Since Davis was charged with two violations of the same statute, the charges are the same in law. Whether they are the same in fact, however, depends upon whether one count requires proof of an additional fact which the other does not. Tappa, 127 Wis. 2d at 163, 378 N.W.2d at 886. It is an additional fact test, not an additional element test. State v. Hamilton, 146 Wis. 2d 426, 437, 432 N.W.2d 108, 113 (Ct. App. 1988).

The first count of the information charged Davis with obtaining telephone service by fraud when she opened an account in the name "Cheryl Sloan" on October 8,1985, and between that date and February 3,1986, ran up more than $6,000 in unpaid charges. The second count charged Davis with the same offense for opening a second account on November 19, 1985, this one in the name "S. and L. Financial Services," and failing to pay $900 in charges on that account.

She argues that the two counts are multiplicitous because there was but a single scheme — to obtain telephone service in the name of others — and that "dividing] that unitary scheme into multiple charges *717was an artificial fractioning of a single course of conduct." We disagree.

We note first that Davis's argument would demand a single charge if Davis had, for example, fraudulently obtained service from the General Telephone Company in La Crosse under the name Cheryl Sloan in 1985 and then, two years later, defrauded Wisconsin Bell in Milwaukee by charging calls to a telephone credit card without the card owner's consent. Such a result makes no sense.

Here, while there is some overlap, the offenses were separated in time. Davis opened the S. & L. account more than a month after she opened the Sloan account, and she continued to obtain service on that account for more than a month after the "Sloan" offense was completed. "Under Wisconsin law, offenses .. . are different in fact if [they] are either separated in time or are significantly different in nature." State v. Stevens, 123 Wis. 2d 303, 322, 367 N.W.2d 788, 798, cert. denied, 474 U.S. 852 (1985).
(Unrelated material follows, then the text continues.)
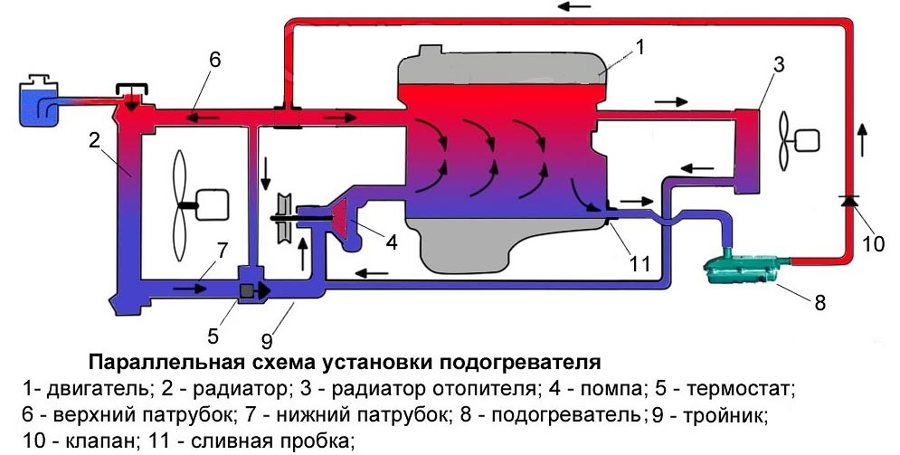 Кроме нагрева рубашки охлаждения движка, нагреватели могут параллельно:

Nor are offenses the same in fact when each involves a separate volitional act. "Where there is a separate volitional act, there is a basis for a separate charge." State v. Bergeron, 162 Wis. 2d 521, 535, 470 N.W.2d 322, 327 (Ct. App. 1991). In Tappa, the defendant was charged with concealing the movable property of another and with transferring the property — all under the same statute. The supreme court rejected his multiplicity defense, stating: "We conclude that it is appropriate to punish the Defendant separately for the transfers and the concealment because they are separate volitional acts. There was ample time for the Defendant to reflect on his actions and recommit himself to the criminal *718enterprise." 127 Wis. 2d at 170, 378 N.W.2d at 890 (emphasis added).

Here, Davis, having opened one account in a false name and having received telephone service on that account for over a month, settled upon a second false name and opened and obtained unpaid-for service on a second account. These are separate and distinct volitional acts and thus formed an adequate basis for a separate charge.
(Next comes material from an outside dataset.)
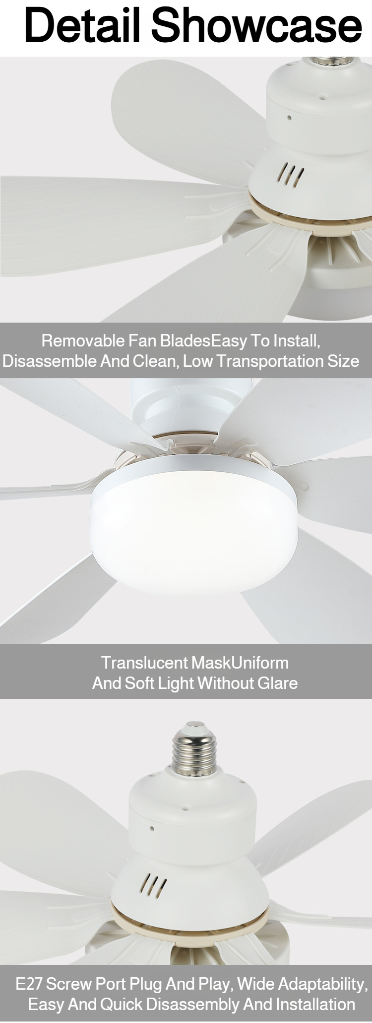 New screw fan light living room restaurant minimalist home ceiling chandelier integrated ceiling fan

It also required proof of different facts. To prove the first count, the state was required to establish that Davis falsely ordered telephone service in the name of Cheryl Sloan and failed to pay for it. To prove the second, the state had to prove that Davis falsely ordered and failed to pay for services on a different line in a different name — S. & L. Financial — "a significantly different evi-dentiary fact that is not required or pertinent to proof on the [first] count[].'' State v. Sauceda, 163 Wis. 2d 553, 578, 472 N.W.2d 798, 808 (Ct. App. 1991), rev'd, 168 Wis. 2d 486, 485 N.W.2d 1 (1992). We conclude that the two offenses are not the same in fact.

Moving to the second element of the test, we may look to the language of the statute, its legislative history and context, the nature of the proscribed conduct, and the propriety of multiple punishments for the defendant's conduct, to determine whether, despite the fact that the offenses are not identical in both fact and law, the legislature nonetheless intended to limit the allowable unit of prosecution to a single charge. Tappa, 127 Wis. 2d at 165, 378 N.W.2d at 887.
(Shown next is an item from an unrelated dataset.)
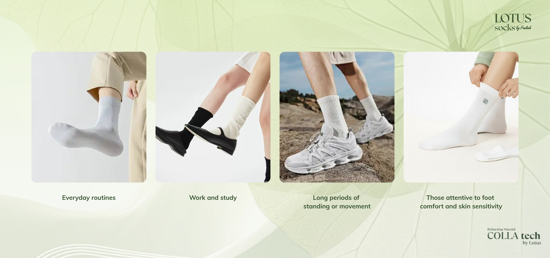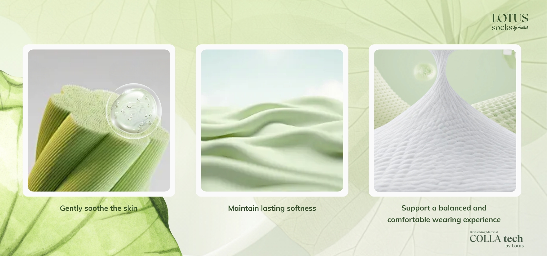 Lotus COLLAtech Socks – Gentle on skin. Thoughtfully refined with every step.

Section 943.45(1), Stats., penalizes one who "obtains . . . telecommunications service" through a "contrivance ... or [other] means to avoid payment of *719lawful charges." If the "avoid[ed]" charges do not exceed $500, the offense is a misdemeanor; if they exceed that amount, it is a felony. The concluding subsection of the statute, sec. 943.45(4), then states: "When there has been more than one unlawful obtaining ... by an offender . . . the aggregate of the charges for the . . . service unlawfully obtained ... shall determine the grade of the offense."

Davis and the dissenting judge read sub. (4) as plainly evincing the legislature's intent that when a defendant engages in more than one act of fraudulently obtaining telecommunications service, the aggregate amount of the unpaid charges for those services "shall determine the grade of the offense." Such a reading, of course, writes the nonitalicized language out of the statute.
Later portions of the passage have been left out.